Além da Aapecan, do auxílio de familiares e da equipe médica, Lauane também recebeu o apoio das famílias Julkoski e Facchi, do Consulado do Grêmio de Pinto Bandeira, juntamente com os torcedores da Kombi Tricolor, o grupo Sangue de Anjos e a empresa Zegla, que também conseguiram reunir pessoas para a doação de sangue. “Literalmente posso dizer que se hoje eu posso internar para passar pelo transplante para voltar a viver é por essas inúmeras pessoas que decidiram sair de suas casas e doar sangue para que uma pessoa que elas não conheciam pudesse sobreviver”, comenta emocionada.

Com o auxílio de inúmeras pessoas, sendo a maioria delas desconhecida por Lauane, a jovem conseguiu sobreviver até alcançar a sua cura, que será proporcionada através do transplante de Medula Óssea. “Agora estou entrando numa fase para comemorar e lembrar que sem tanta gente eu não estaria aqui. É muita gente mesmo. Doaram-me não só sangue, mas também dias ao lado do meu filho, alegria, vida, tudo”, pondera.

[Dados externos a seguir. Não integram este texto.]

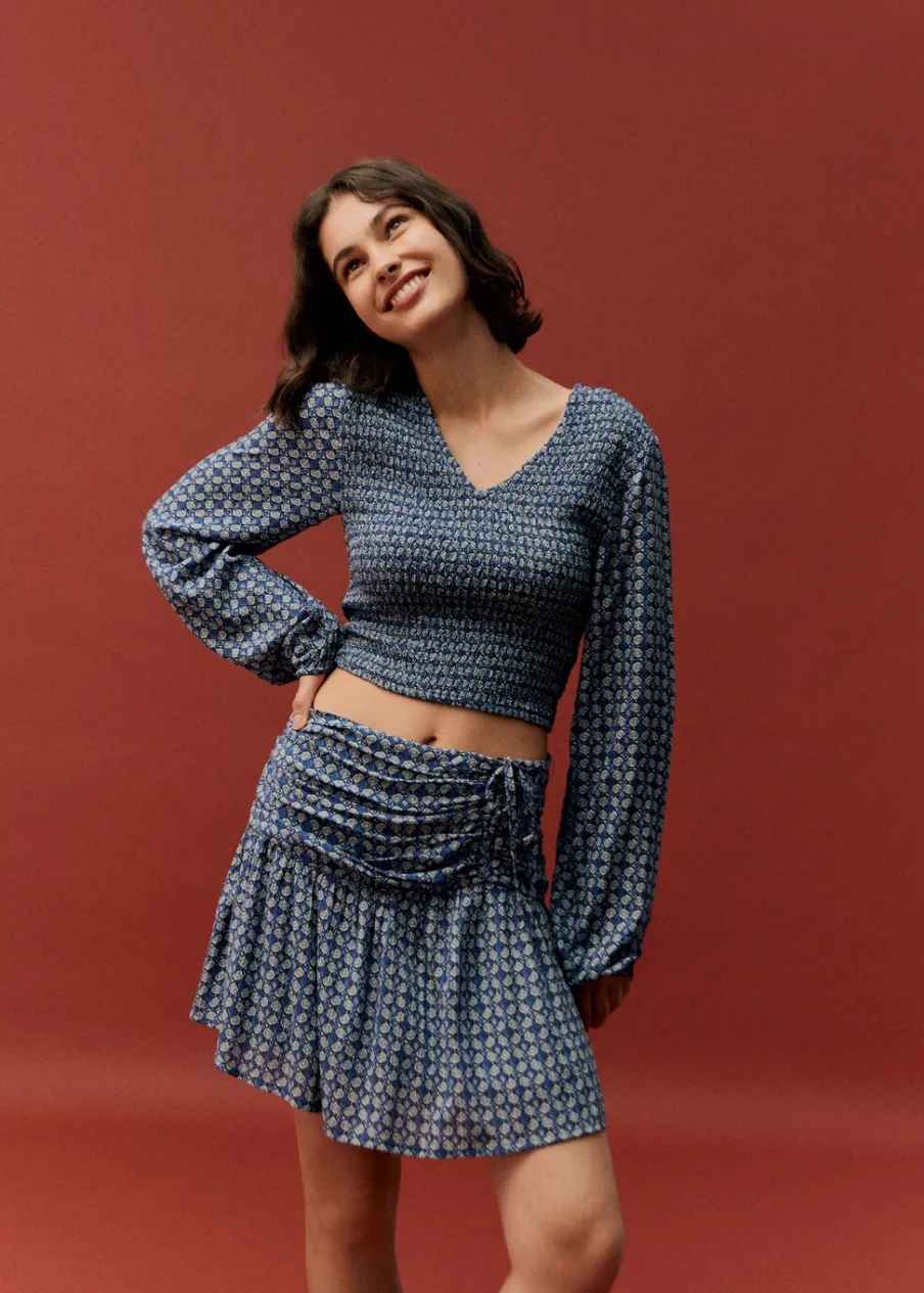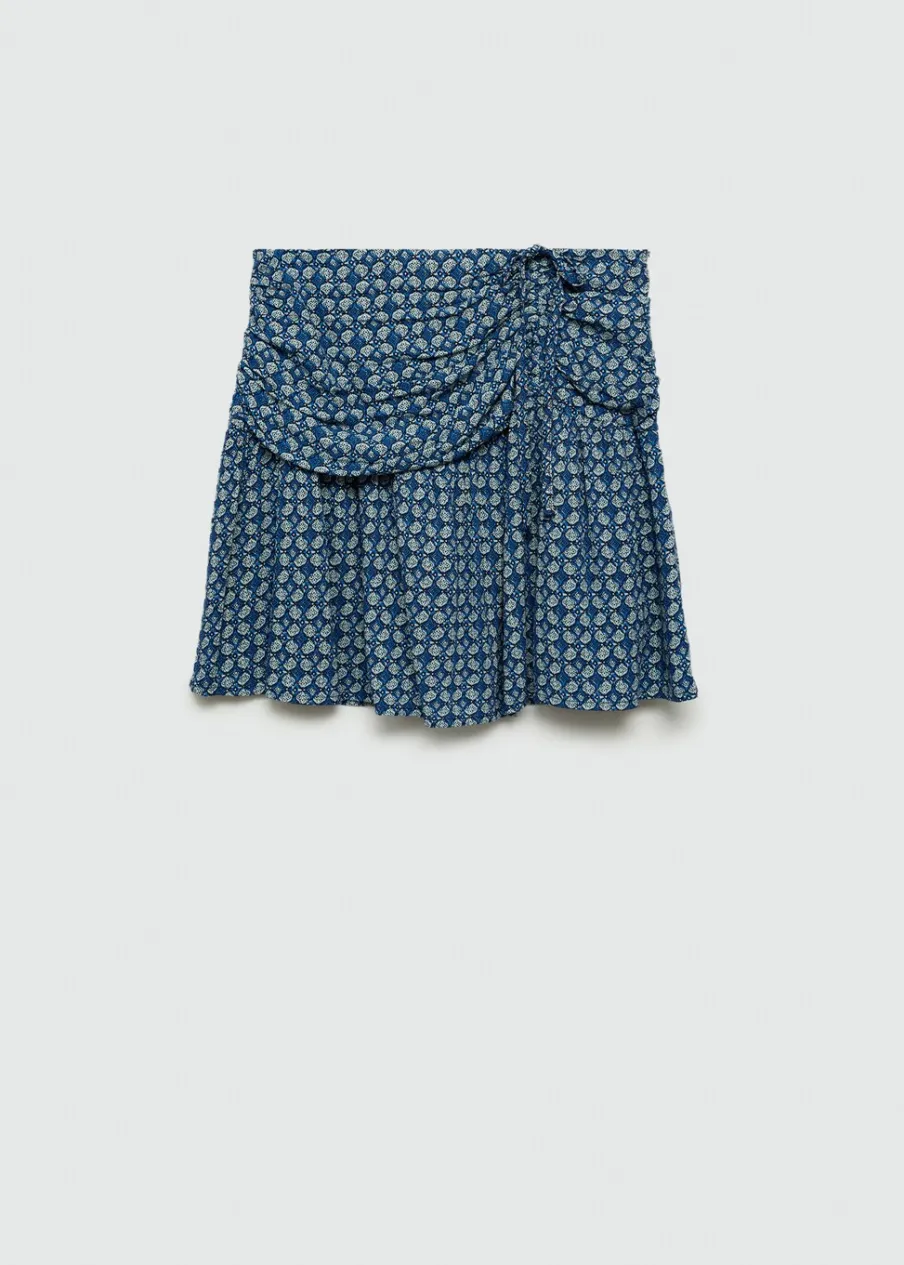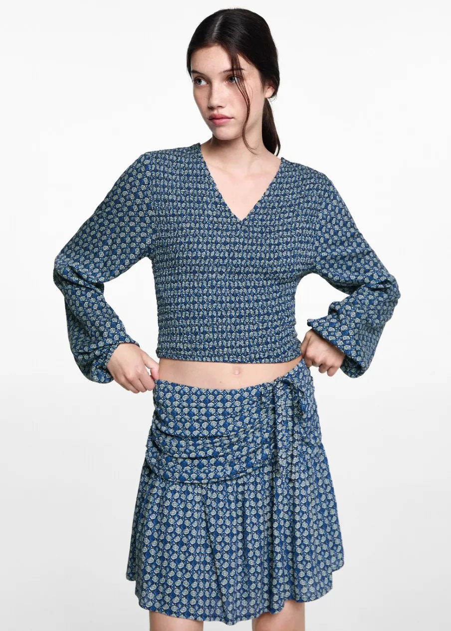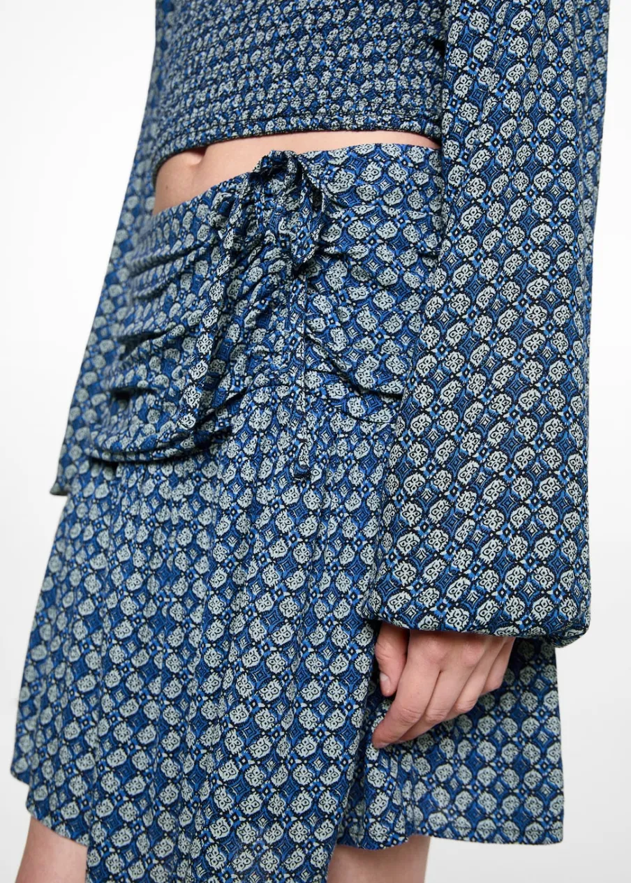 Total look. Lejąca tkanina. Krótki krój. Rozszerzany model. Marszczenie z boku z wiązaniem. Kryte zapięcie na zamek z boku. Nadruk.

Com muitas lágrimas nos olhos, Lauane agradeceu a todos que puderam ajudá-la a ter uma vida nova, sendo um nítido exemplo da importância da doação de sangue para salvar vidas. “Meu corpo estava se desligando e precisava de outras pessoas para sobreviver, e elas surgiram na minha vida. É algo que não sei explicar. Não sabia que as pessoas podiam ser tão incríveis assim. Obrigada por me darem vida, força para poder passar pelo transplante e alcançar a minha cura”, salienta.

Agora, Lauane inicia, a partir desta quarta-feira (07) a quimioterapia, que deverá durar 10 dias para, posteriormente, realizar o transplante de Medula Óssea para então voltar a viver uma vida normal ao lado do seu filho. Após o transplante, os primeiros 100 dias de Lauane serão de extremos cuidados, pois há maior risco de reações adversas ao tratamento ou de contrair infecções. Aproximadamente um ano após o transplante, as defesas naturais do organismo estão novamente recuperadas e, portanto, Lauane terá sua vida totalmente renovada.